Moonrise Kingdom opens with the camera gracefully panning sideways through the cross-section of a suburban home in 1960s New England, stopping occasionally, like a train pulling into station after station, to spy on members the family. We may as well be peering into a retro doll's house - and we are the kids about to play with the toys inside. This is an adult film, really, of course, with all the pleasures of seeing content start Bruce Willis a soft-hearted local cop; briefly encountering Tilda Swinton as a uniformed care worker called Social Services; lapping up the ample Hank Williams on the soundtrack; and squirming at a school production of Benjamin Britten's 'Noye's Fludde'. But you can imagine 'Moonrise Kingdom' turning young kids on to cinema; it's so full of a joyous love for the medium and smart without being clever-clever.

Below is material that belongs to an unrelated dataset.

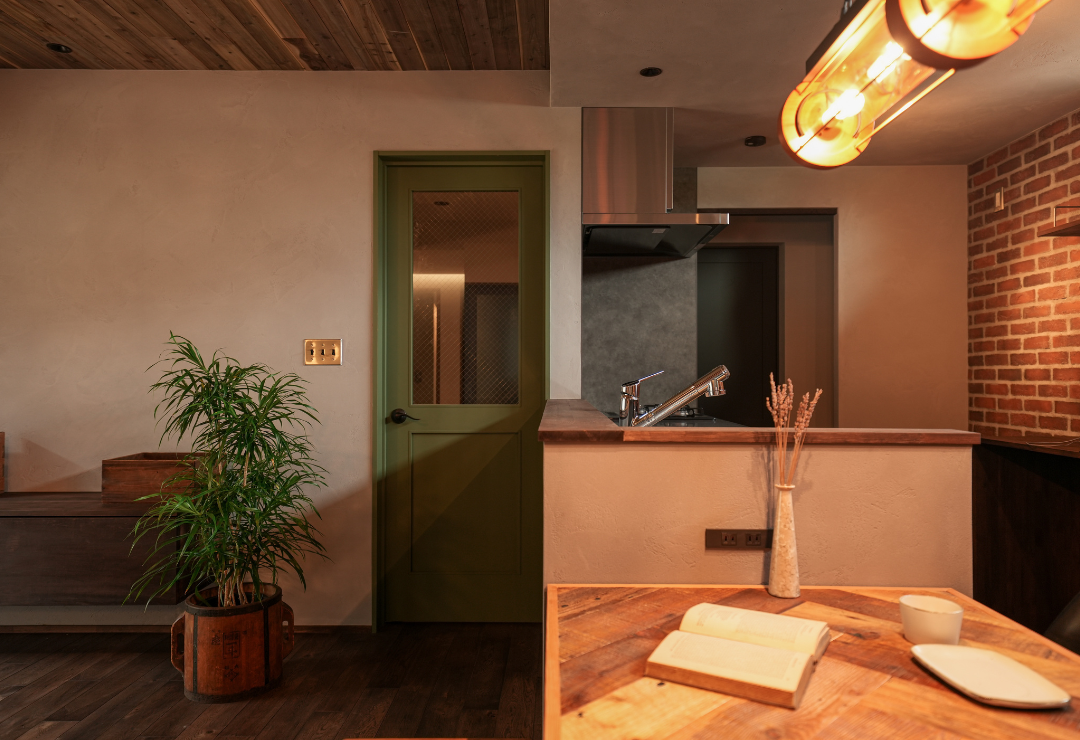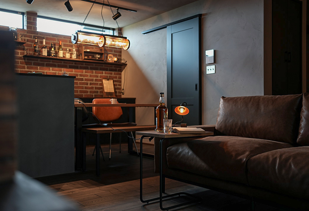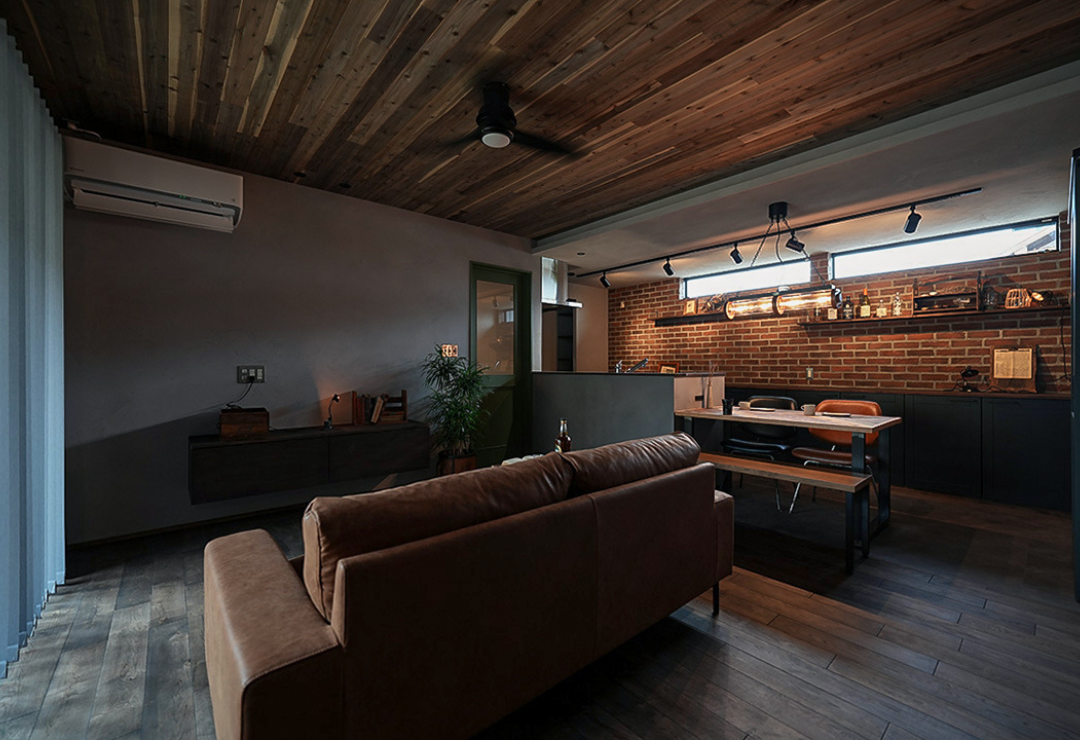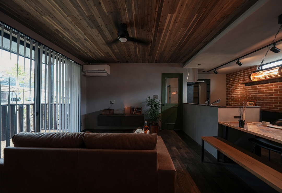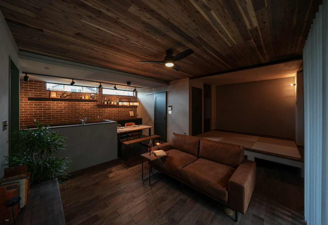 天井の無垢ウッドパネル、壁面のレンガ、そしてキッチンカウンターのモルタル質感が響き合い、ブルックリンカフェのような落ち着きを演出します。リビングの一角に設けた、段差を活かした畳コーナー。下部には大容量の引き出し収納を完備し、美しさと実用性を両立させました。最大の特徴は、平屋のメリットを最大限に活かした「究極の横移動動線」。

3. The Darjeeling Limited (2007) March 17

Wilson, Brody and Schwartzman are three brothers who embark on a journey through India a year after their father's death: they haven't seen each other since his funeral and Wilson, the older of the three and a dominating presence, hopes that a long train journey will bring them closer together as friends and as brothers. It's an Anderson movie from the off: the sound of The Kinks and the Stones mixed with the music of Satyajit Ray; the marriage of colour, costume and production-design to create a vivid but heightened impression of the real world.

4. The Life Aquatic with Steve Zissou (2004) March 24

With a plan to exact revenge on a mythical shark that killed his partner, oceanographer Steve Zissou rallies a crew that includes his estranged wife, a journalist, and a man who may or may not be his son.

5. The Royal Tenenbaums (2001) March 31

An estranged family of former child prodigies reunites when their father announces he is terminally ill. It exists in a bubble - Anderson's New York doesn't exist and never did - but the rarefied atmosphere is a bit of a blind; what sneaks up on you is how, in his deliciously roundabout way, Anderson wears irony on his sleeve to camouflage a deeper sincerity. At its heart, this is a comedy of unrequited love, melancholy and disappointment. One to savour.